Кокетка улыбнулась: – Я в моралях
воспитана. Но чёрт бы все  побрал их!
Кому из вас сама я подмигну,
того уж не оставлю среди крайних.
Портоса развезло: – Не премину
сегодня отоспаться я на кралях.
Портос хотел бы видеть их в меню.
Лаская подавальщиц, как родню,
он на ночь зазывал с собою в  рай их.
Допив бутылку (кстати, не одну)
и чаще раскрывая свой оральник
на ближних постояльцев: «Всех люблю!
Люблю баб, как святой.
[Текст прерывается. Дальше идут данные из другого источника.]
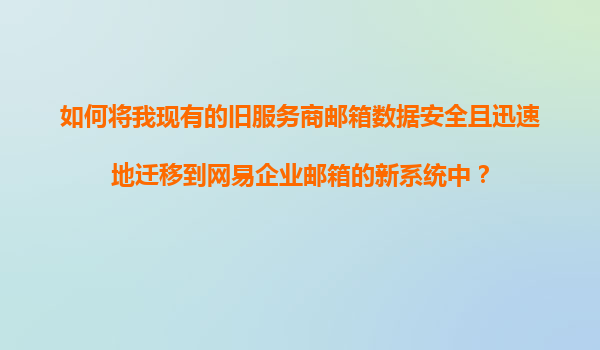 2025-11-07如何安全高效地將舊服務(wù)商郵箱數(shù)據(jù)遷移至網(wǎng)易企業(yè)郵箱 一、遷移前的準(zhǔn)備工作 郵箱數(shù)據(jù)遷移涉及企業(yè)核心通信資產(chǎn),需謹(jǐn)慎規(guī)劃。以下是關(guān)鍵準(zhǔn)備步驟: 數(shù)據(jù)備份:在舊郵箱系統(tǒng)中全量備份郵件、通訊錄、日程等數(shù)...

Люблю, как  враль, их.
Вину пред ними сам же искуплю», –
Портос, бесцельно вглядываясь в дальних,
приметил вскоре в сумрачном углу

знакомый взор, смотрящий спьяну косо.
– Ну как же, Арамис, нам без Атоса!
Вон в одиночку пьёт там, где сидит.
– Людского сторонится он хаоса.
– Но нам не подойти, пусть и без спроса,
и с ним не выпить вместе – это стыд!

Ведя (поняв, где мор, а где отрада)
свой счёт от мер блаженства до мер ада,
нюансы зная каждого звена,
Портос сказал: – Атос, душа не рада,
пусть в выпивку она и влюблена,
так много в одиночку пить вина.
Ведь завтра вас замучает вина!
Скажите, Арамис, ему, как надо.
Ответ свой Арамис донёс без яда,
лишь голосом иронии звеня
и к пьянству относясь чуть-чуть предвзято:
– Портос, сама концепция верна.
Отшельничество – это вон из ряда,
но друг наш может выпить до хрена,
пусть даже и  растянет на три дня.
Порою выпивал он и с наскока!
– И в силах свой  рекорд  побить на сколько б!
– Его способность в том немудрена.

Держался, сколько мог, он день-деньской – хлоп –
и  выпил  после службы. От вина
тоска его не меньше в нём видна.
Бывает, что себе с такой  тоской гроб
накликивать легко. Горел – потух.
Атос, вы с нами грусть похерив, скоро б
воспрянули как наш весёлый друг.

От наших-то, от общих-то потуг
и Смерть  под нас прогнётся, сляжет в короб!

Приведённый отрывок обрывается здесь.